Materials provided:

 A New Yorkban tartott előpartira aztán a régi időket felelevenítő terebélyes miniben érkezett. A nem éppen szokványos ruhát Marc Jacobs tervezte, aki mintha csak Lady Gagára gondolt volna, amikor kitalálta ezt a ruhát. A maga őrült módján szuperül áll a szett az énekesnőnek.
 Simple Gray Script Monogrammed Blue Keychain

--

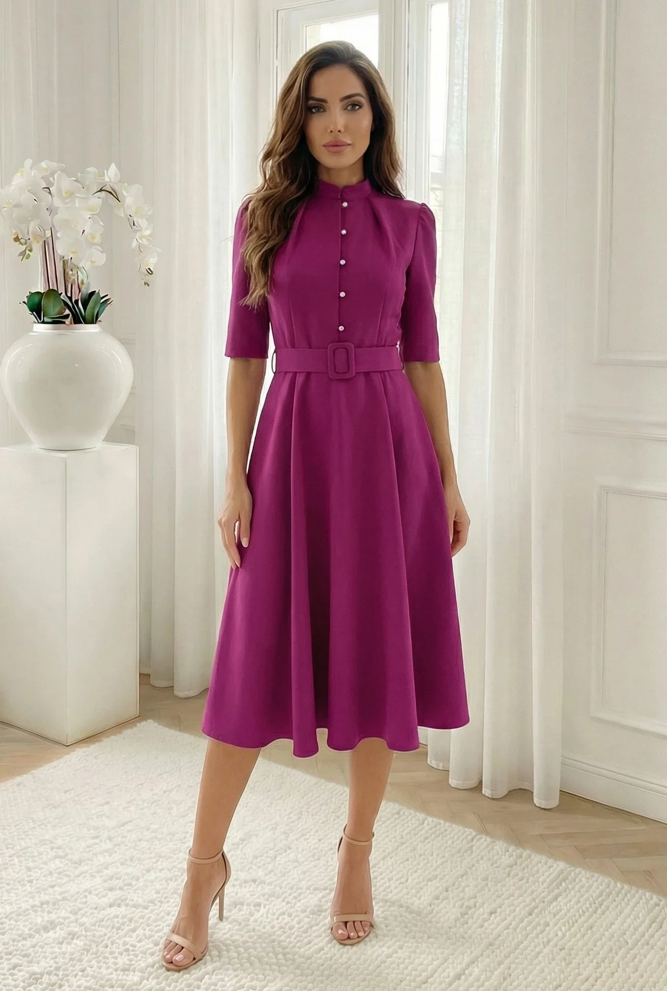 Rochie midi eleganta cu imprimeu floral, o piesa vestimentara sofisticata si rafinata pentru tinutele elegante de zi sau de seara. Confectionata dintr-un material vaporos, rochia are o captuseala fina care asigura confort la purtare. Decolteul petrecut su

==

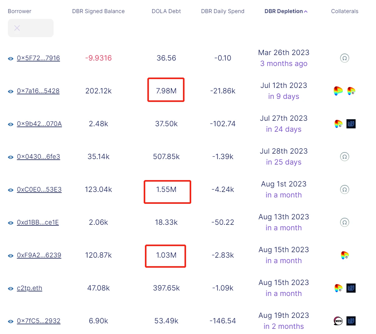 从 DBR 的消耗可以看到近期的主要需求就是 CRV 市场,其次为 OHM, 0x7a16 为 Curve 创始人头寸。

What is being asked: Since only part of the listing is wanted, copy exactly the lines from the one holding "A New Yorkban" to the one holding "Simple Gray Script Monogrammed Blue Keychain", both included.

Written answer:
 A New Yorkban tartott előpartira aztán a régi időket felelevenítő terebélyes miniben érkezett. A nem éppen szokványos ruhát Marc Jacobs tervezte, aki mintha csak Lady Gagára gondolt volna, amikor kitalálta ezt a ruhát. A maga őrült módján szuperül áll a szett az énekesnőnek.
 Simple Gray Script Monogrammed Blue Keychain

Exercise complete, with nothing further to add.